ESM - Good To Know - CNS > Transaction Time

Hello,

I would like to share the following
insights on why the CNS timings (Client-Network-Server) are usually
always bigger than the "Transaction Time" metric in Enterprise Synthetic
Management (ESM 12.3.6 and CAS 12.3.8). We got this information from
our development (special thanks to @Mani Mukherji). Here is an example of what I mean:

The
Transaction Time metric is reflected on where you set the respective
StartTrace and StopTimerAndTrace timing tags in your Robot script:

StartTrace
sends a "StartCNS" request to the DNA module and then starts the timer
for the transaction. This ensures that the DNA capture contains the
packets that originate at the beginning of the transaction. The DNA
module requires some time to start up and that time is captured in the
"(C+N+S) - Transaction Time" difference that we see and this is
working-as-designed.

The StopTimerAndTrace stops the transaction
timer and obtains the CNS values from DNA - there is hardly any overhead
in the latter operation and it does not contribute towards the "(C+N+S)
- Transaction Time" difference.

There should always be a
consistent difference of around 400 ms (on average) between the CNS and
the Transaction Time, which is unavoidable and cannot be bridged.

Best regards

Tomislav

kalle_lahtinen
Advisor

Thanks! I can't see the images, but that's fine - the text content is enough for me at least.

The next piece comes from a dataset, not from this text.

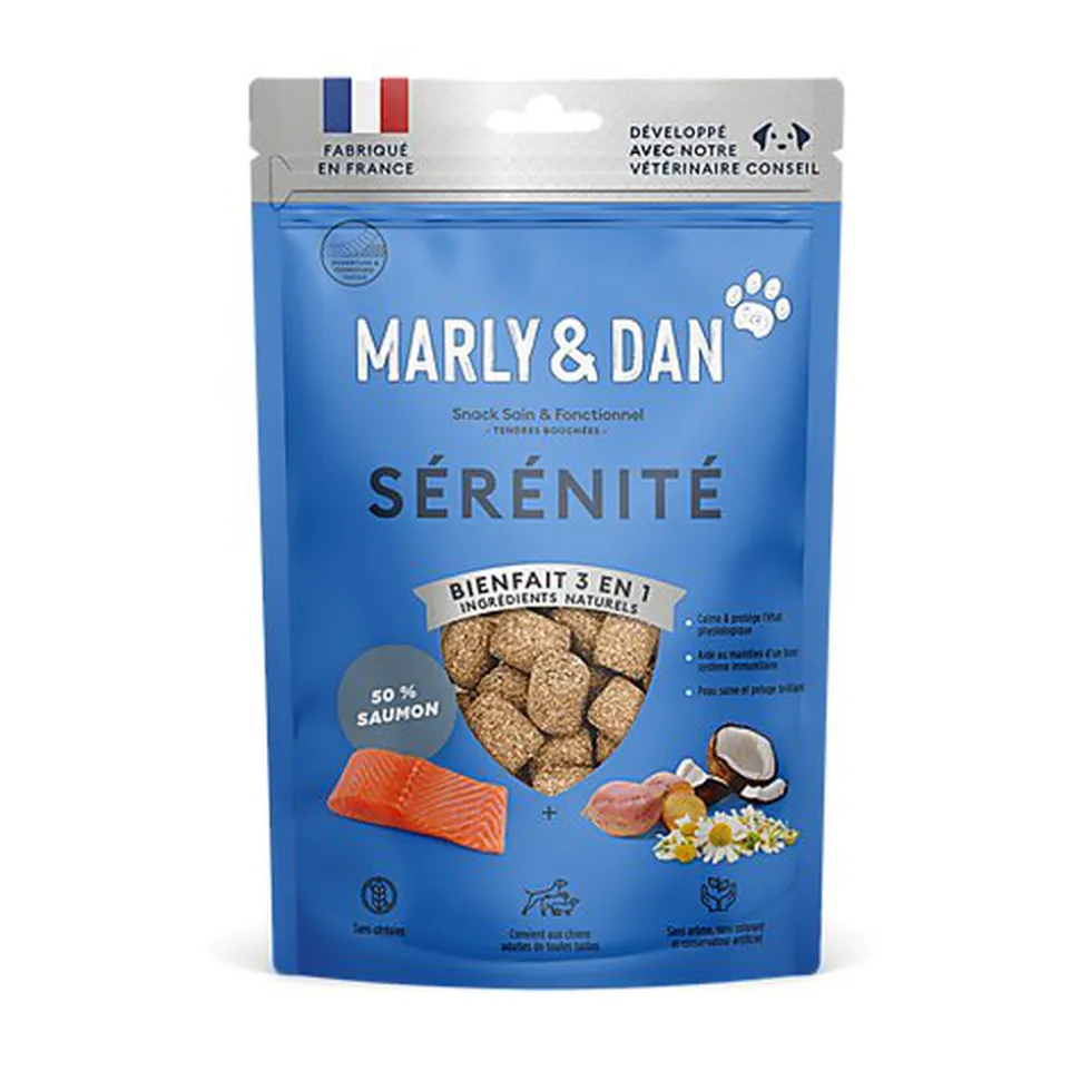 » Ce snack offre un support naturel à la gestion du stress de votre chien grâce aux effets apaisants des ingredients naturels tels que la camomille et la valériane. »

I assume that 400 ms of overhead goes into Client Time, since that's where starting the DNA module takes place...

Hi Kalle,

I have reattached the illustrations, hopefully you can see them now. By the way, as you can see from the first line of the illustration, you cannot think that the difference is for the client time only. It's applicable to the whole sum, not to individual measurements.

Thank you,

Yuriy

Actually I can think that, since I have several transactions that display 98 % Client Time, with barely any Network or Server Time. In your example, it's true that the top row only has 158 ms Client Time so some of the overhead surely went to Server Time in that case. But in my own examples, Network + Server Time can be around 50 ms total, so in those cases the overhead pretty much went to Client Time. Appears to be somewhat random then.